Chapter 11
Viv was on the phone when Nel got back to the clinic, so she didn’t need to explain the missing tea bags. She shut the door of the consult room and sat down at her desk to eat the soup, but she’d lost her appetite.
She rested her head in her hands. She was so tired of all this.
For so long she’d been trying to outrun the past. It’s why she went to Sydney, and then when that wasn’t far enough, to Dublin.
But what good had it done? All that running, to get where?
Back here in Carrinya, hiding from Faye Marshall.
Right where she was all those years ago.
‘Your one thirty’s here, Doctor Foley,’ Viv said over the intercom.
Nel took a deep breath and went out to the waiting room where a blonde woman sat with a large child straddling her, his head resting on her shoulder.
‘Harvey?’ Nel said.
Harvey’s mum stood up, struggling to hold the boy who looked about six.
‘Hi, I’m Nel. I’ll get your bag,’ Nel said, picking up the tote bag from the floor.
‘Thanks.’ She gave Nel a strained smile. Her eyes were the colour of faded denim. ‘I’m Sophie.’

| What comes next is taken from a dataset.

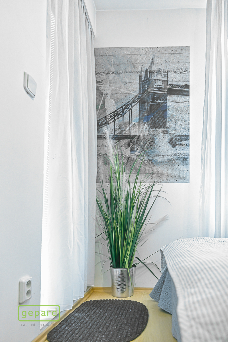 V bytě jsou nové plovoucí podlahy, dveře, designová kuchyňská linka se spotřebiči, plastová okna, koupelna se sprchovým koutem.

‘Hey, mate,’ Nel said gently, once they’d sat down in the consult room. ‘You’re not feeling too good, hey?’
He regarded her with suspicion, then buried his face in his mother’s neck.
Sophie stroked his blond curls. ‘He’s had a cough and a cold for a couple of weeks, but it’s getting worse.’ She put a hand on his forehead. ‘He feels hot to me.’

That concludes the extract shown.